12. Habitual absenteeism is a gross violation of discipline, as held in Burn & Co. Ltd. and Ors. Vs. Their Employees reported in AIR 1959 SC
529. In the said case, an employee, who absented without leave or permission, following a domestic enquiry was dismissed from service.
10 OA 495/2019

The Industrial Tribunal directed re-instatement. When the matter was adjudicated before the Hon'ble Supreme Court, it was held that absence of a workman without permission and without any leave application for the same, amounts to gross violation of discipline, entailing dismissal from service. The Hon'ble Supreme Court further held that if such a workman is dismissed by his employer, Industrial Tribunal should not order for reinstatement. The Hon'ble Apex Court held that, "Where a workman is almost in the habit of loitering outside his place of work without the permission of his departmental head and does not desist from doing so even though warned, his services can be dispensed with. In such a case, it cannot be said that the employer was actuated by any improper motive to victimise him for his Union activities."

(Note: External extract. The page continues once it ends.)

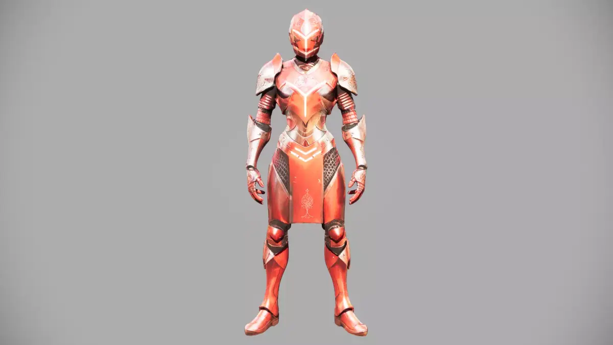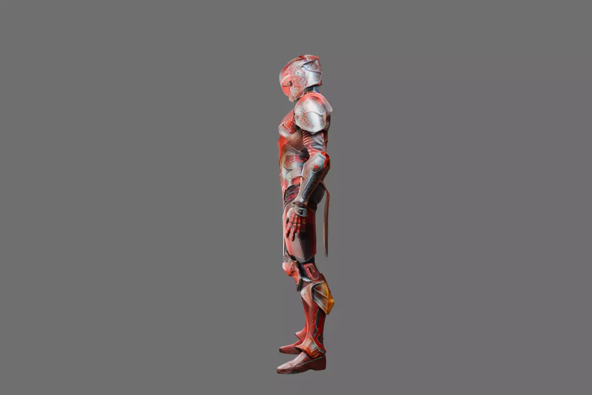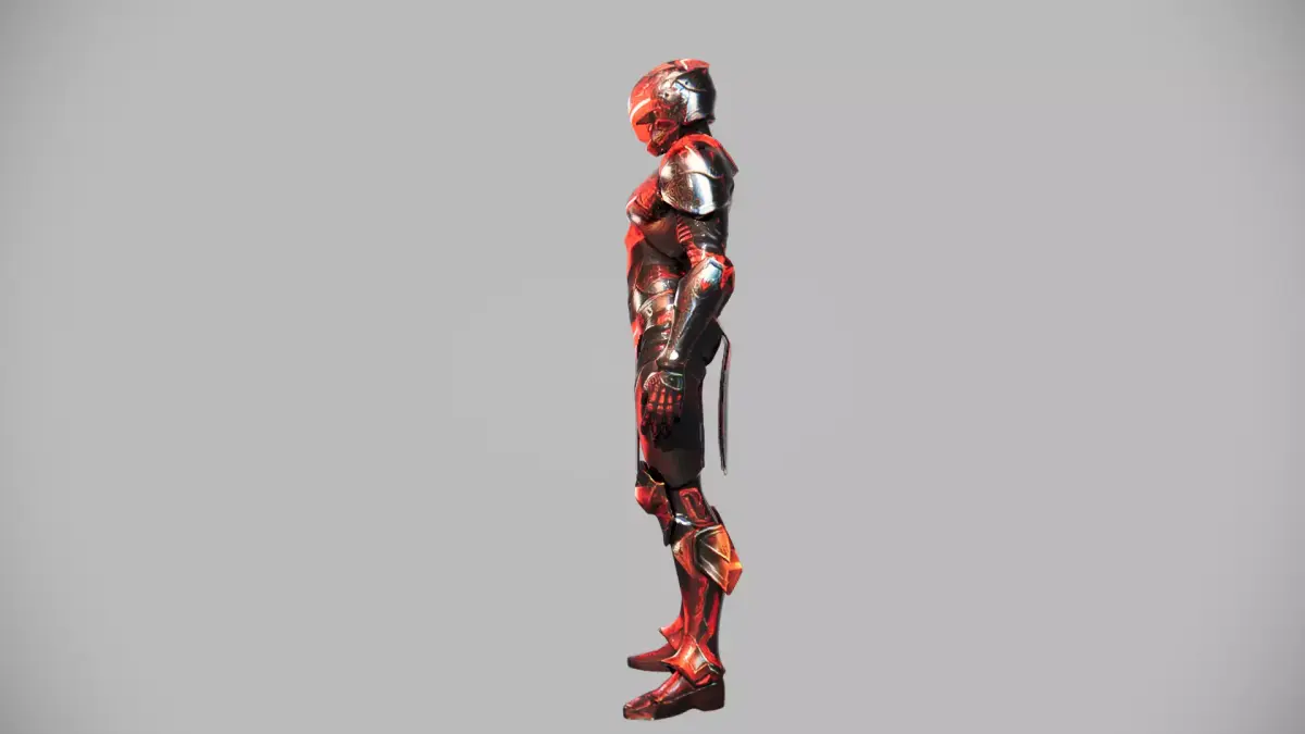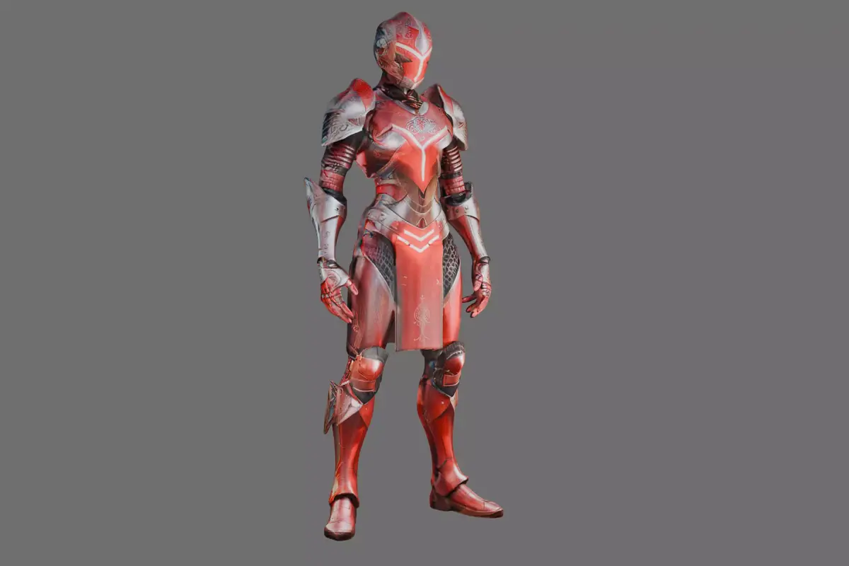 This sleek, red-and-silver armored character model blends futuristic design with ornate detailing—ideal for sci-fi games, film previsualization, or digital art projects. The asset features clean topology (quad-dominant mesh), PBR (Physically Based Rendering) textures (4K albedo, roughness, metallic maps), and a rigged skeleton with basic facial/body controls for animation.

13. Reverting to the case, from the material on record, it could be seen that though the appellant has been inflicted with many penalties, absenteeism, there is no change.

18. Even in the absence of a specific statutory rule, it remains within the discretion of the Disciplinary Authority to consider the past service record of the individual when determining the appropriate penalty. Such consideration serves to strengthen and provide additional justification for the disciplinary decision. If the charge itself warrants a major penalty, independent of any prior misconduct, the disciplinary authority is fully entitled to impose a penalty that aligns with the severity of the current violation, without needing to reference past conduct. Furthermore, with the Constitutional amendment removing the delinquent's right to further representation regarding the penalty, the Disciplinary Authority's reliance on the individual's past record--if it is factored in--does not invalidate the disciplinary proceedings or the penalty imposed. There is no breach of the principles of natural justice in such cases.

11 OA 495/2019

19. In light of the above, the penalty imposed on the applicant is upheld, as it is justified by the applicant's consistent pattern of gross absenteeism, a behavior that is particularly intolerable in a disciplined force. The applicant has failed to establish any grounds that would warrant a different outcome, and thus, the application is dismissed. No costs are awarded.